2) For me to hypermile it will not buy me much to do aero stuff since I never travel fast.
3) I need to work on weight loss for the car. Remember physics inertia is mass times velocity. I need to loose mass to make it easier to accelerate.
4) Rotating mass is worth about 10 times regular vehicle weight. (my rule of thumb)
5) The PS pump weighs about 15 pounds, maybe 5 pounds is rotating. So pulling out the PS pump/hoses saved me 10lbs non-rotating and 5 rotating (equivalent to 50lbs). So in my mind I removed 60 lbs of inertia from the vehicle.

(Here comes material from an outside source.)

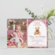 Pink Bow Teddy Bear Tartan Photo Birthday Inbjudningar
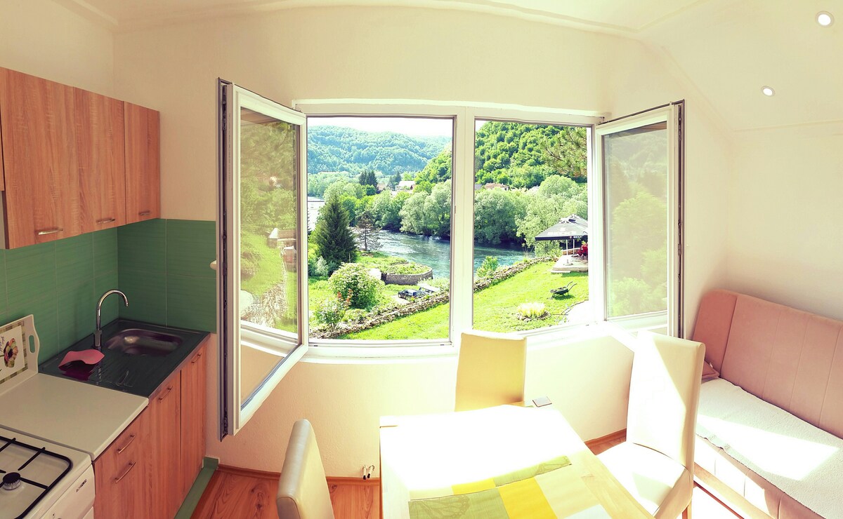 Dear guests, our apartment is located in the small beautiful village of Korana, 3 km away from the entrance to the Plitvice Lakes National Park. The house is surrounded by beautiful nature. The apartment offers a beautiful view of the waterfalls, river and mountains. Apartment contains room with satellite TV, free Wifi, bathroom and fully equipped kitchen. Part of the apartment is also a terrace right next to the river. We are looking forward to your visit!

Now I do the AC, lightweight crankshaft pulley, lightweight rims/tires, smallest alternator and I hope to start really affecting the gas mileage in city driving.
There are two formulae for calculating rotating weight. There is one for vehicle weight, and one for engine/accessory weight.

I believe vehicle weight (rims, tires, etc.) is 7:1... engine weight is significantly less, because of the way that engines rev up and down. It's something like 5:1, IIRC.

Don't quote me on those numbers, though. Calling it 10:1 is very optimistic.